Shirazi salad hails from the city of Shiraz in southwestern Iran. This classic yet simple tomato, cucumber, and onion salad, no lettuce, looks much like the Greek Horiatiki salad or the Turkish salad made with walnuts. Each of these Mediterranean salads are bright, crunchy, and juicy and are the perfect side to go with any entree!
I chose to use multicolored cherry tomatoes for the Shirazi salad. I find that they have more flavor especially at this time of the year. I also like the color that they add to the bowl. Cut the tomatoes in half or a quarter if they are too large. The idea of this salad is to dice all ingredients. Use either small almost seedless mini cucumbers or an English cucumber. It is not necessary to peel these cucumbers because the skin is usually thin. If they have seeds remove them and then dice the cucumber.
The red onion should also be diced. This salad adds an additional twist by incorporating juicy fresh pomegranate seeds, or arils, which add a tart juiciness to the salad dressing. The salad dressing is a simple combination of lemon or lime juice combined with olive oil. The nectar from the pomegranates mixes with the citrus and olive oil and creates a fresh light dressing for the tomatoes and cucumbers. In fact, you may be fighting with friends to see who gets to drink the leftover dressing!
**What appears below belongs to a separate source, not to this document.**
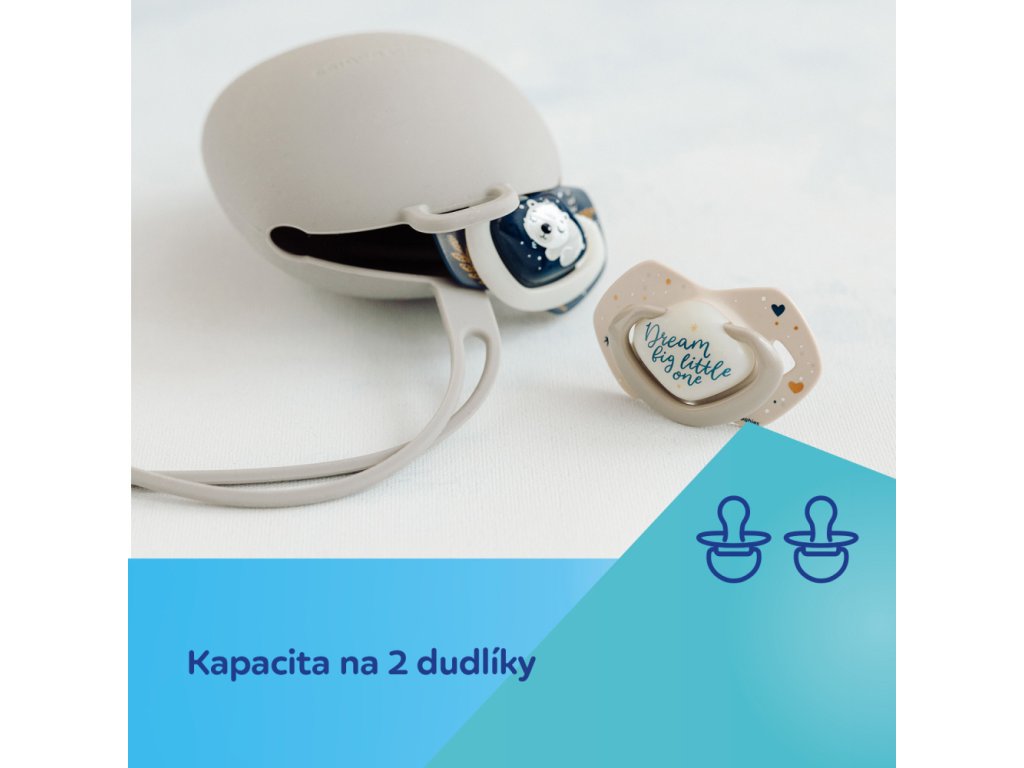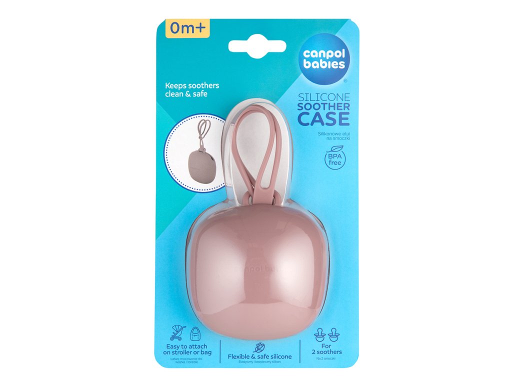Silikónové puzdro na cumlík ochráni obľúbený cumlík vášho bábätka na prechádzkach, cestovaní aj doma. Krásne a praktické silikónové puzdro na cumlík pojme dva cumlíky štandardnej veľkosti, ktoré budú vždy čisté a pripravené na použitie. Puzdro má kompaktný tvar a pohodlnú praktickú rukoväť, pomocou ktorej ho možno ľahko pripevniť na kočík, postieľku alebo tašku, aby boli cumlíky vždy po ruke. Puzdro na cumlík Canpol babies je vyrobené z pružného a mäkkého silikónu, vďaka ktorému sa pohodlne používa a ľahko sa čistí. Minimalistický dizajn sa hodí do kabelky každej mamičky.

The sumac adds a bright citrus flavor. Dried or fresh mint is optional but is typically used in this traditional Iranian salad. I have also seen some versions that incorporate parsley, dill and cilantro.
The Shirazi salad is best when served chilled. You can make it ahead with the dressing to allow the flavors to infuse and the juices from the vegetables, the citrus, and the pom to mingle. Try serving it with my lentil loaf for a savory vegetarian meal.